Hygrophorus is a genus of agarics (gilled mushrooms) in the family Hygrophoraceae. Called "woodwaxes" in the UK or "waxy caps" (together with Hygrocybe species) in North America, basidiocarps (fruit bodies) are typically fleshy, often with slimy caps and lamellae that are broadly attached to decurrent. All species are ground-dwelling and ectomycorrhizal (forming an association with living trees) and are typically found in woodland. Around 100 species are recognized worldwide. Fruit bodies of several species are considered edible and are sometimes offered for sale in local markets.

==Taxonomy==

===History===
Hygrophorus was first published in 1836 by Swedish mycologist Elias Magnus Fries. The generic name is derived from the Greek ῦγρὁς (= moist) + φόρος (= bearer), with reference to the slimy caps found in many species. Fries (1849) subsequently split the genus into three subgenera: Limacium, Camarophyllus, and Hygrocybe. The last of these is now recognized as a genus in its own right, but was frequently included within Hygrophorus until the 1970s. Camarophyllus (type species Hygrophorus camarophyllus) and Limacium were also raised to the rank of genus, but are regarded as synonyms of Hygrophorus. Camarophyllus sensu Singer (based on Hygrocybe pratensis) is, however, a synonym of Hygrocybe (or Cuphophyllus).

===Current status===
Recent molecular research, based on cladistic analysis of DNA sequences, suggests that Hygrophorus (minus Hygrocybe) is a monophyletic (and hence natural) genus. Only a few species, however, have been sequenced to date.

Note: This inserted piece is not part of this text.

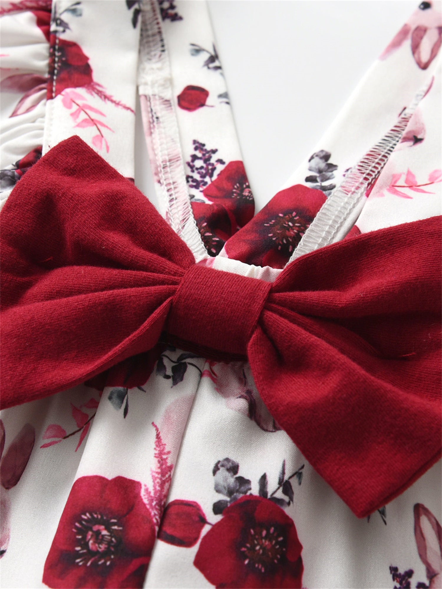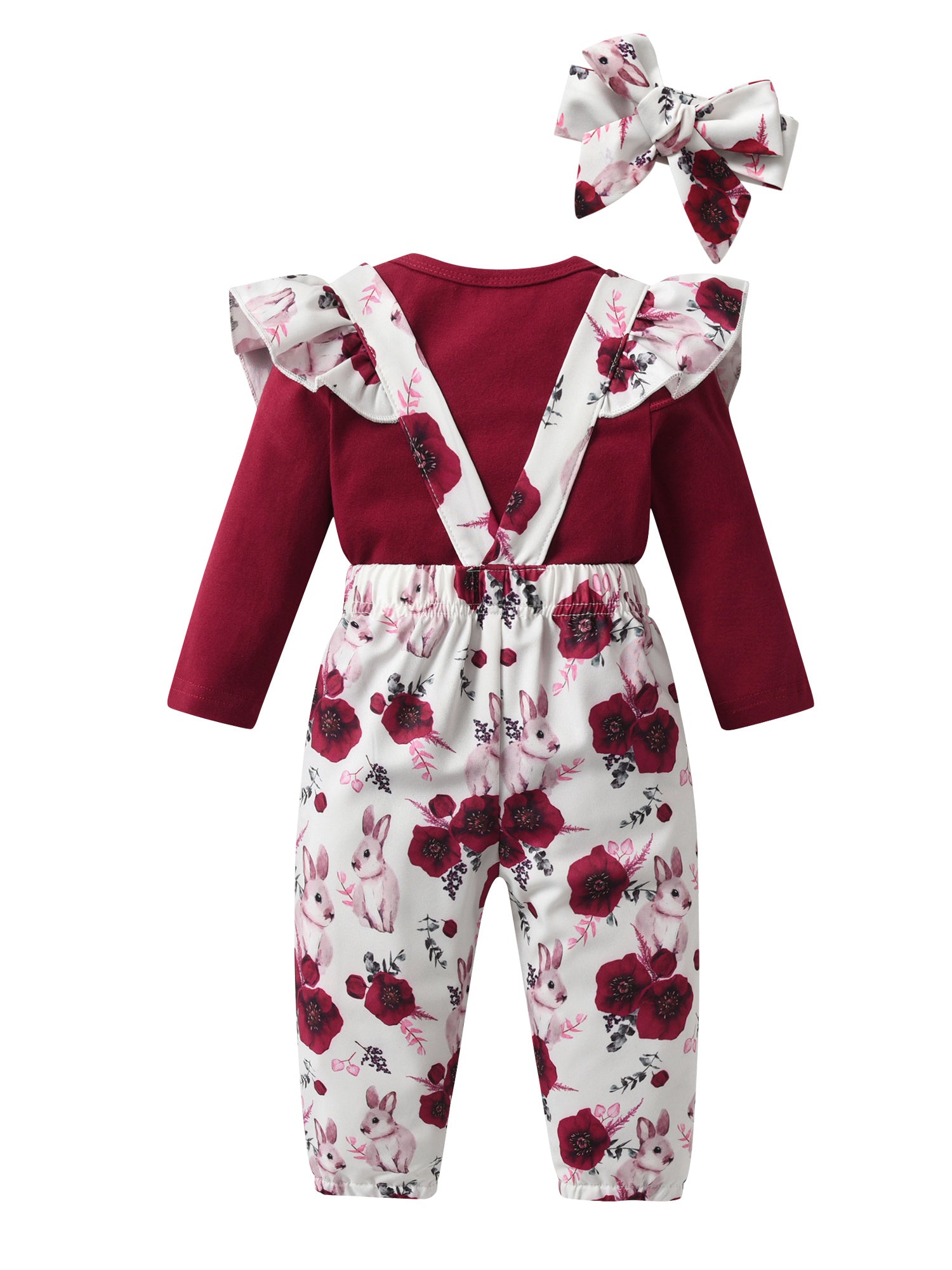 - Three-piece outfit: A long-sleeve floral bow romper, coordinating knit pants, and a soft headband create a complete, easy-to-wear look.

No comprehensive monograph of the genus has yet been published. In Europe, however, species of Hygrophorus have been illustrated and described in an Italian guide by Candusso (1997). European species have also been covered, more briefly, in descriptive French keys by Bon (1990). Dutch species were illustrated and described by Arnolds (1990). No equivalent modern guides have been published for North America, the most recent being by Hesler & Smith (1963). There is, however, a guide to Californian species by Largent (1985). In Australia, Hygrophorus species have been illustrated and described by Young (2005) and in New Zealand by Horak (1990).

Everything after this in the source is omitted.